Town budget season is here, and just before the holidays, Colchester administrators and the town selectboard unveiled the proposed budget for Fiscal Year (FY) 22.
The proposed budget of $13,482,862 would require a 2% increase in municipal service property taxes.
“The proposed FY22 budget maintains our current level of service and addresses needs,” Town Manager Aaron Frank wrote in a Dec. 4 memo to the selectboard. “These needs are related both to the COVID emergency and were caused by slow, steady growth over past decades.”
The selectboard will host a public hearing on the budget Jan. 12, when community members will have the opportunity to provide feedback.

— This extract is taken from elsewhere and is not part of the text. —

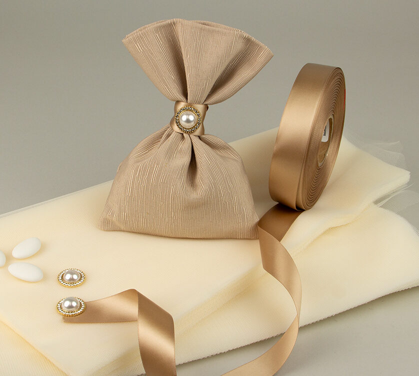Μπομπονιέρα γάμου μεταξωτό πουγκί με σατέν δέσιμο και πέρλα
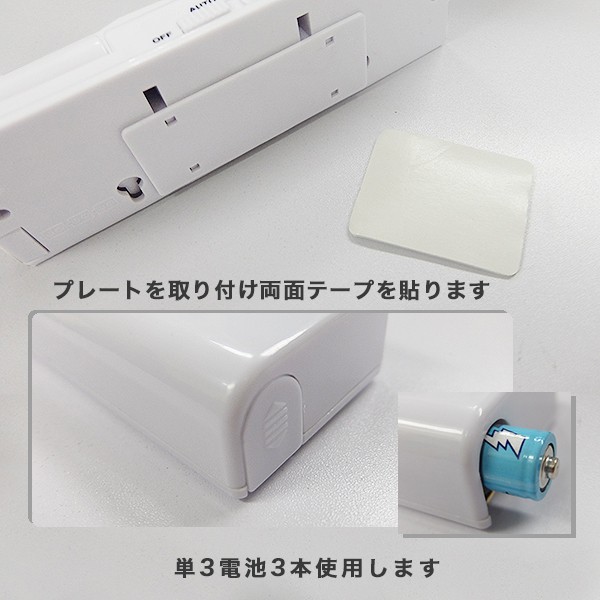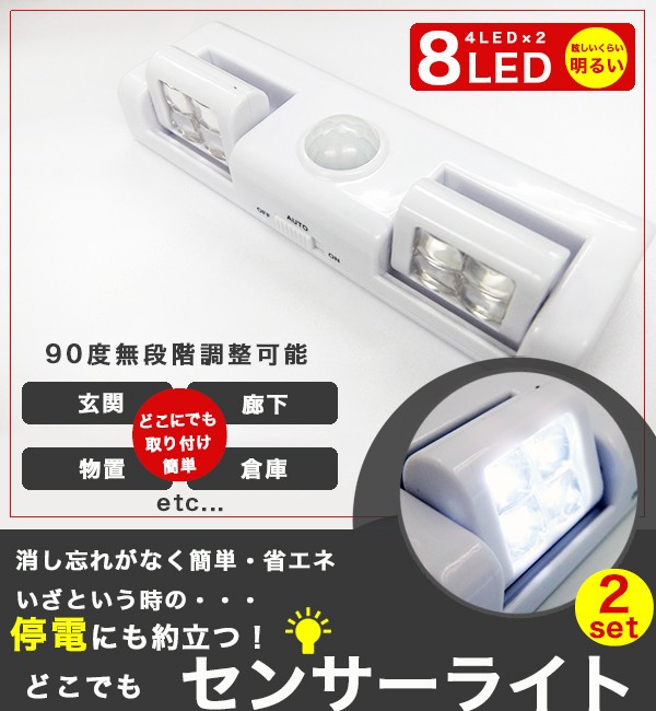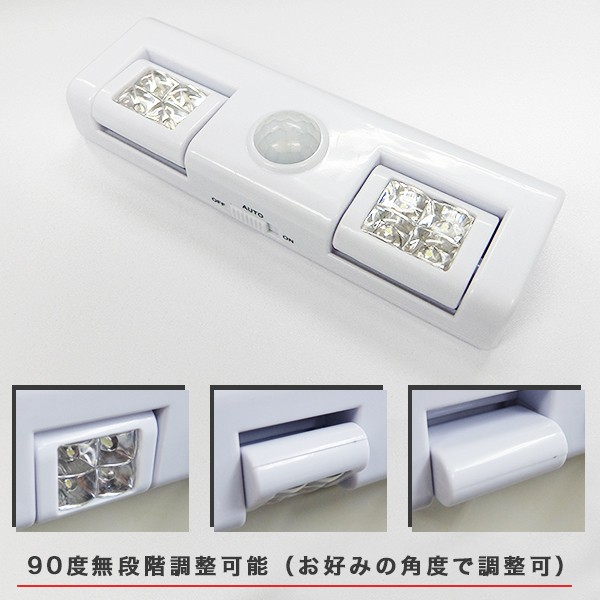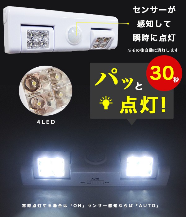 | 商品説明 | センサー感知で動きに反応してLEDがパッと点灯 玄関先、ガレージ、ベランダ、廊下、お部屋など場所を選ばずどこでも設置可能 LEDなので熱を持たず火災の心配ありません センサー感知で自動点灯&自動オフ 左右のライトは独立していて角度を90度内で無段階調整可動 コンセント不要!コードレスで使える乾電池式 フック穴・両面テープで取り付けが可能 サイズ(約):16.2×5.2×2.3cm 重さ(約):84g 材質:ABS、PE センサー有効範囲(約):角度/90度 距離/1~2mまで 点灯時間(約):25秒 電源:単3形電池×3本 ※電池をセットした時、明るい場所でも点灯する場合があります。 一度消灯しますとその後、真っ暗な場所でのみセンサーが反応します。その場合商品不良ではありません |

After the hearing, the selectboard could move to approve the budget, therefore sending it to the Town Meeting Day ballot where it will either be approved or declined by voters.
Here’s what you should understand prior to the hearing:
The town’s municipal property tax is increasing by 2% or $0.5592 per $100 of assessed value.
Here’s how that would look based on home value:
This tax rate is impacted by two town funds, the Operating Budget and Capital Funding. Both of those funds have grown in size this year for various reasons.
The town’s operating budget is increasing by 2.7%.
The operating budget is comprised of 25 service categories, of which the expenses of six decreased, and 16 increased.
Here are a few examples of some of the changes causing an increase:
- A part-time position in the town manager’s office will be made full time with benefits and a half-time emergency manager position will be created. “These changes will help us to...provide public information during the COVID emergency and to aggressively apply for and manage state and federal funding to cover unbudgeted costs related to COVID,” Frank wrote in a Nov. 18 memo to the selectboard.
- More funding will be given to the Department of Public Works (DPW) to purchase gravel for maintaining gravel roads and sand for treating roadways in winter.
- A part-time position will be added to the DPW Maintenance Garage to take care of the upkeep of fire equipment and perform other repairs and improvements.
The portion of the Capital Fund that is funded by property taxes is increasing 2.2%.
The Capital Fund budget and the projects it will pay for were already approved by Colchester voters.
Projects funded by this increase and that will be undertaken in FY22 include a refurbished entrance to the Burnham Memorial Library and a new roof for the Meeting House. A perimeter walking path will also be built at Airport Park this year.
Read more about the Capital Fund here.
The tax rate is also increasing because revenues from non-tax sources are expected to decrease by 1.1%.
Non-tax revenues — like passport fees, park facility rentals and dog license fees — were down in the past year because of COVID-19. These revenues typically help support the operating budget, but property taxes will have to make up the difference this year.
“When these revenues do not grow by the same rate as operating expenses in the general fund budget, property taxes must fund an increased share of the budget,” Frank wrote in a Nov. 27 memo.
Overall, town administrators and the selectboard tried to keep the increase in taxes to a minimum.
"[Town] departments could better meet the residents and taxpayer needs with more resources," Frank wrote Nov. 18. "However, the residents, businesses and voters also wish to keep the tax rate affordable and this budget represents a balance of those competing goals."
If approved by the selectboard and by voters, the tax increase would go into effect on July 1, when FY22 begins.